-- Extracted material follows --

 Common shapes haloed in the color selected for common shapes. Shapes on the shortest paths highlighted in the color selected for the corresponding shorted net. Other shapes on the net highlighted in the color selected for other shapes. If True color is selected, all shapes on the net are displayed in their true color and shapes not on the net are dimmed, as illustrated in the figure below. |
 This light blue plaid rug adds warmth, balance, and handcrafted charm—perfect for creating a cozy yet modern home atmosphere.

-- Extracted material concluded --
-- Extracted material follows --

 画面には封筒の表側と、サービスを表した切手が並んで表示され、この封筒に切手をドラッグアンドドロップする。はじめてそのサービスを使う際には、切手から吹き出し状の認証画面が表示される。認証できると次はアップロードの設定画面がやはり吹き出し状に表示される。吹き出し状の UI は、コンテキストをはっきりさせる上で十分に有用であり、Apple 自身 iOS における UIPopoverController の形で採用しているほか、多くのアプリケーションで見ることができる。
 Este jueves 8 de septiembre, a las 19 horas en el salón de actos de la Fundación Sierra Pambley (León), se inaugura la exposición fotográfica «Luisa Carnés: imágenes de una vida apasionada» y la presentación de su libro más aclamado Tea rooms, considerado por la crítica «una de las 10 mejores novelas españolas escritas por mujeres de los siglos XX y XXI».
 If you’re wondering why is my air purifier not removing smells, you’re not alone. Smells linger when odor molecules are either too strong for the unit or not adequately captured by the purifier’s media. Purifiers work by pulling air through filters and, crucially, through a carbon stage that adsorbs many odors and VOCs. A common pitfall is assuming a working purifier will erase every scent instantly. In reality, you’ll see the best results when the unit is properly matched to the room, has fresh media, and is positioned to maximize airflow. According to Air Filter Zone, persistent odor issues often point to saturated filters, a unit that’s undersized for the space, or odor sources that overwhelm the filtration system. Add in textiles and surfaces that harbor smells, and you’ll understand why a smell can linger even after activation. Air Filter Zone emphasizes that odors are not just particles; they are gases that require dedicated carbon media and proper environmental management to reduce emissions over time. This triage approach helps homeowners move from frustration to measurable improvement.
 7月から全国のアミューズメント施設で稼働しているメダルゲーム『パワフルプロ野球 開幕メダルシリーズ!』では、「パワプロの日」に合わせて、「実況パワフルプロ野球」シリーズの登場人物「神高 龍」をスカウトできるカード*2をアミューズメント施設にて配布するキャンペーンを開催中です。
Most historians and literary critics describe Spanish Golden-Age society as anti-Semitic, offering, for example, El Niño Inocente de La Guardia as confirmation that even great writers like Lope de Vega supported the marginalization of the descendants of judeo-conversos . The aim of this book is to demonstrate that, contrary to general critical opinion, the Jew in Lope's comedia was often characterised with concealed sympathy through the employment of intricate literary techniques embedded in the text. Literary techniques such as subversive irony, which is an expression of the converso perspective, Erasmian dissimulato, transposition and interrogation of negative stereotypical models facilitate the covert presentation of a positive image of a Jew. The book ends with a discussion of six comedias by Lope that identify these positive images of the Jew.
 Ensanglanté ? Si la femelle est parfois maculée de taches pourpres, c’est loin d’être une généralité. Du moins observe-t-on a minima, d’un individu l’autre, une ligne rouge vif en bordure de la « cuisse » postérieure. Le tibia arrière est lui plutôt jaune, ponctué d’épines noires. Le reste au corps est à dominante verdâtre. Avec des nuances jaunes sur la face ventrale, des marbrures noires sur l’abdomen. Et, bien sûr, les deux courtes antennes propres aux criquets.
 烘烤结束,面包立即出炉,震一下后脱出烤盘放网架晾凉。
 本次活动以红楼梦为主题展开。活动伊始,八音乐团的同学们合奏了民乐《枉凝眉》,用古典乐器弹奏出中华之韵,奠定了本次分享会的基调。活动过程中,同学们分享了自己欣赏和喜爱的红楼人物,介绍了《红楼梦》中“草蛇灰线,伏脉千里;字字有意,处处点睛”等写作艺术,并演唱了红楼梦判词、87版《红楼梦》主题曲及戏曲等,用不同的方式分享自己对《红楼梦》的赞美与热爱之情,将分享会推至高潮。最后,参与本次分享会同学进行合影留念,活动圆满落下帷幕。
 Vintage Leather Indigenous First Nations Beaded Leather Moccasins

-- Extracted material concluded --
-- Extracted material follows --

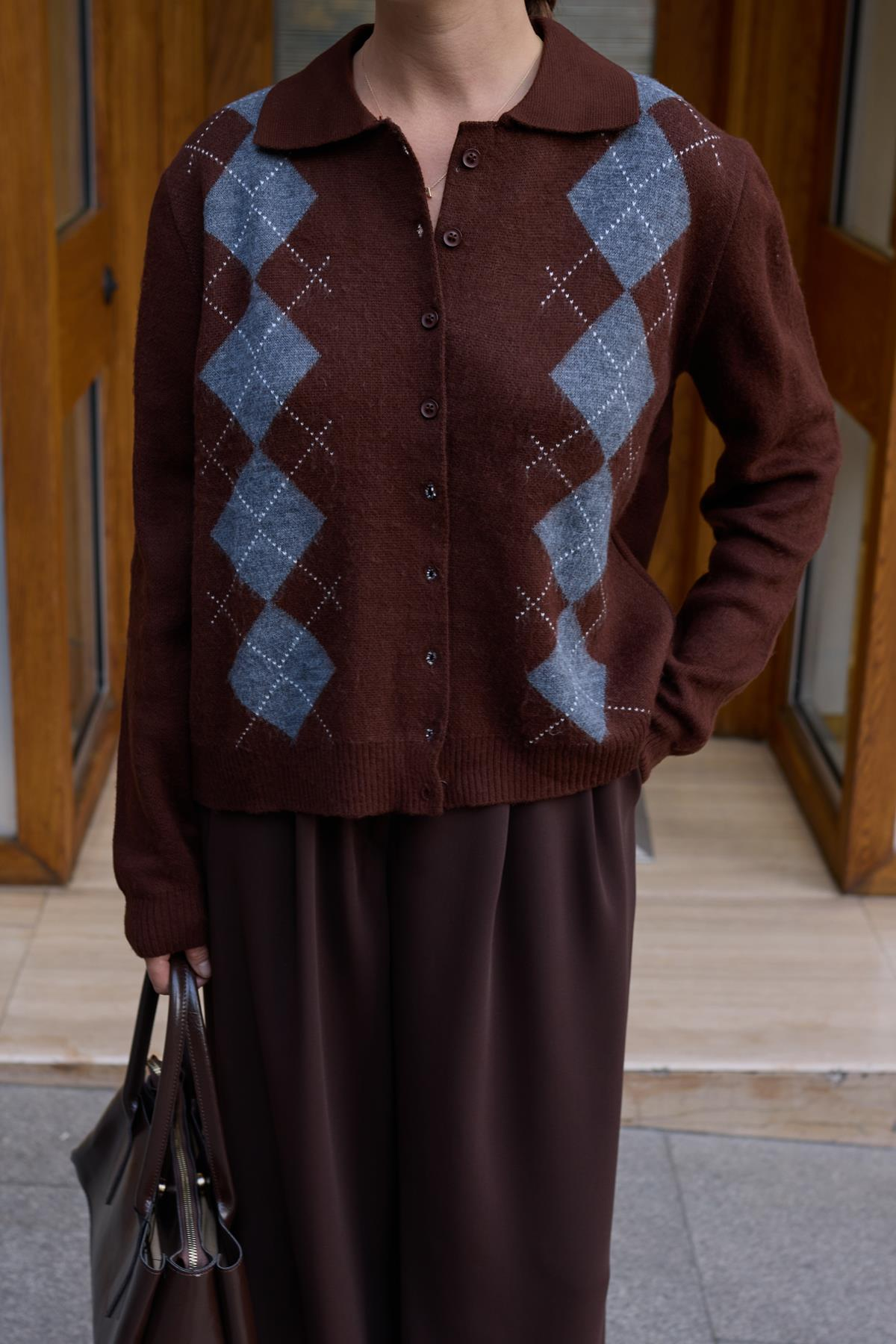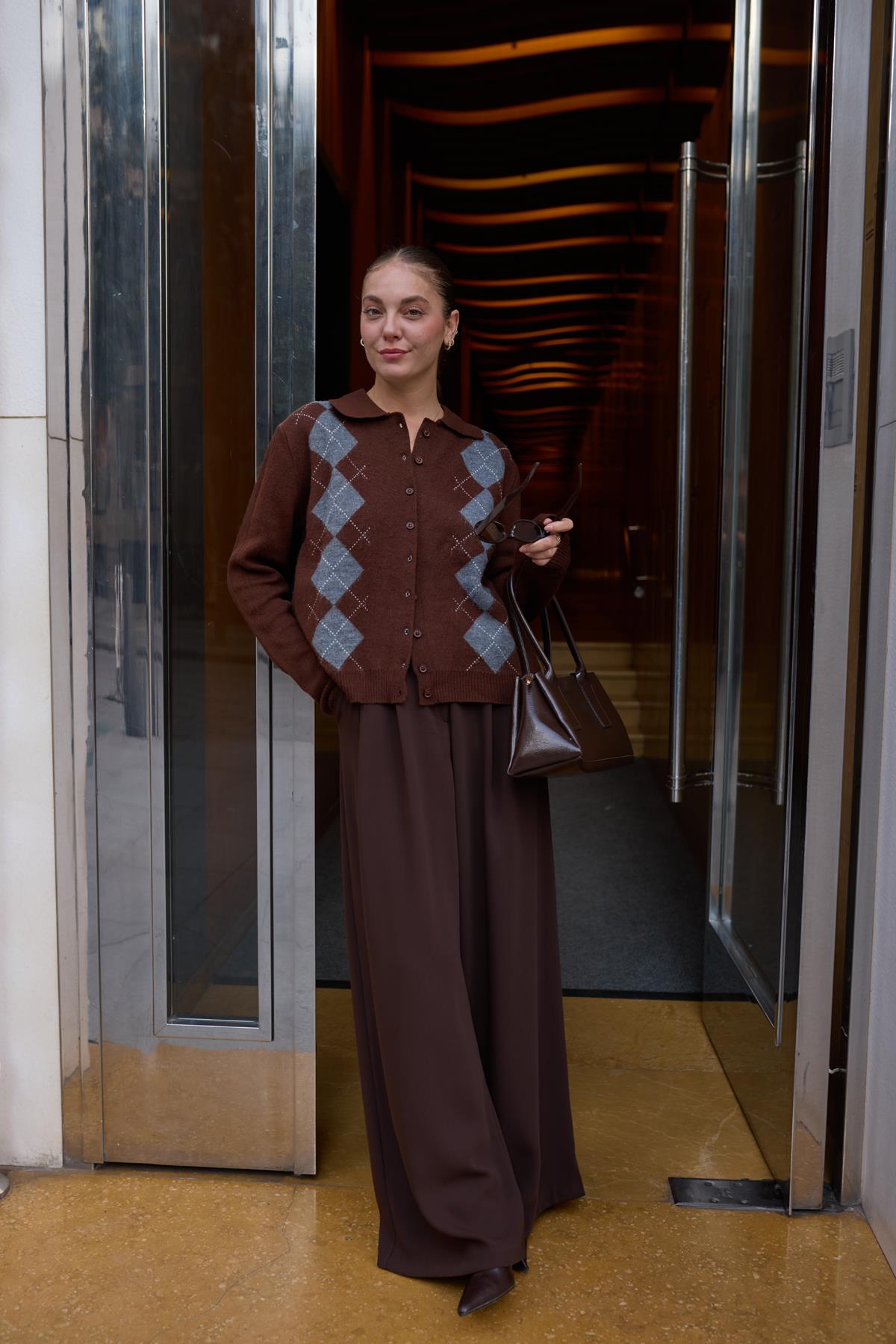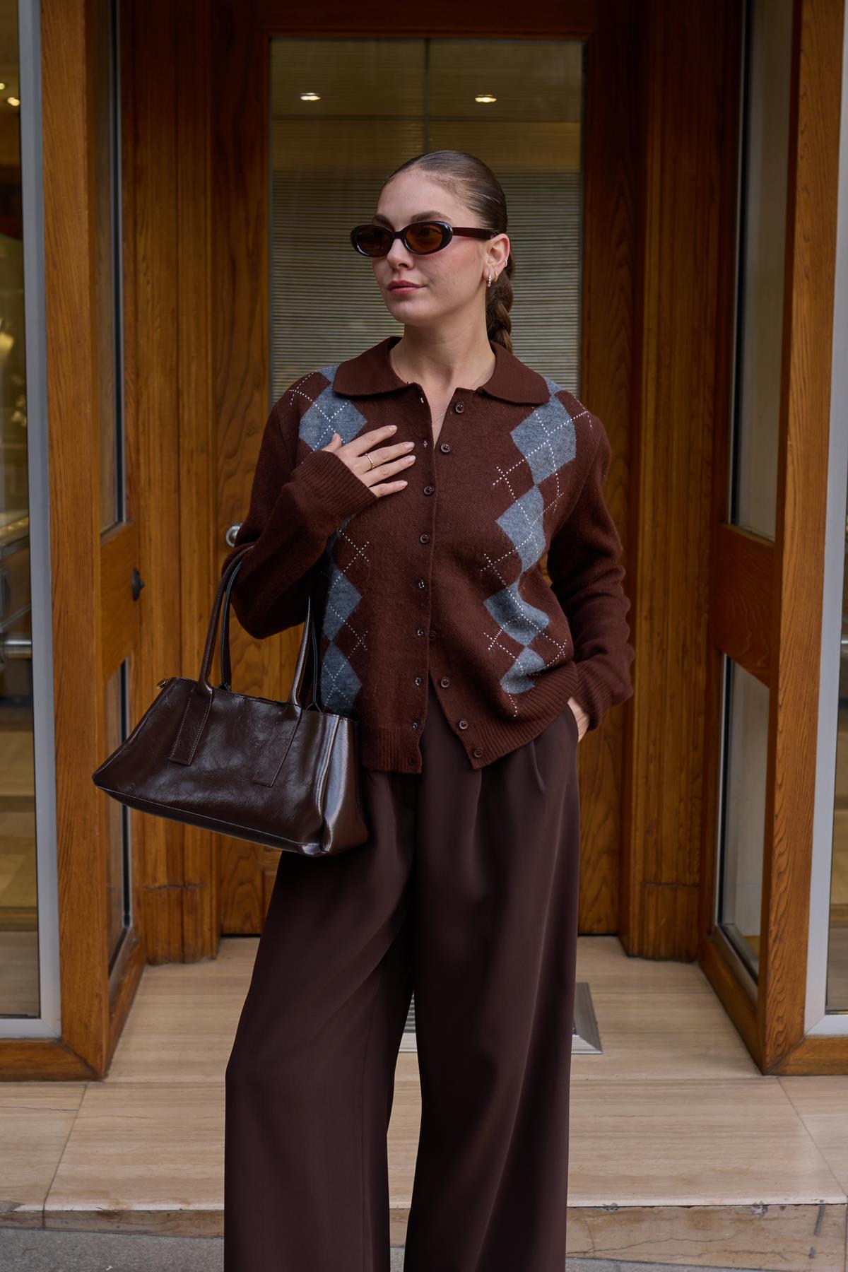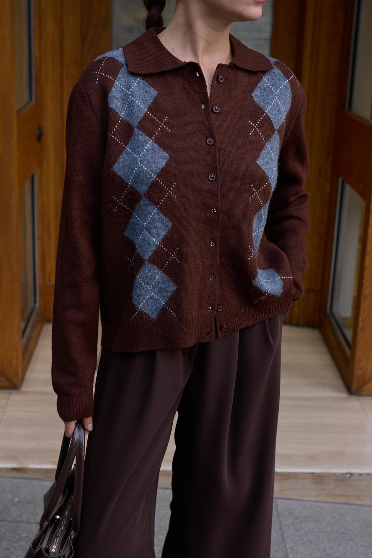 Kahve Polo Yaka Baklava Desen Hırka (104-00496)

-- Extracted material concluded --

Copy only this part of the entries above: the line with "における UIPopoverController の形で採用しているほか、多くのアプリケーションで見ることができる。", the line with "Este jueves 8", and the lines between, all exactly as written.

• _Answer to this problem_
 画面には封筒の表側と、サービスを表した切手が並んで表示され、この封筒に切手をドラッグアンドドロップする。はじめてそのサービスを使う際には、切手から吹き出し状の認証画面が表示される。認証できると次はアップロードの設定画面がやはり吹き出し状に表示される。吹き出し状の UI は、コンテキストをはっきりさせる上で十分に有用であり、Apple 自身 iOS における UIPopoverController の形で採用しているほか、多くのアプリケーションで見ることができる。
 Este jueves 8 de septiembre, a las 19 horas en el salón de actos de la Fundación Sierra Pambley (León), se inaugura la exposición fotográfica «Luisa Carnés: imágenes de una vida apasionada» y la presentación de su libro más aclamado Tea rooms, considerado por la crítica «una de las 10 mejores novelas españolas escritas por mujeres de los siglos XX y XXI».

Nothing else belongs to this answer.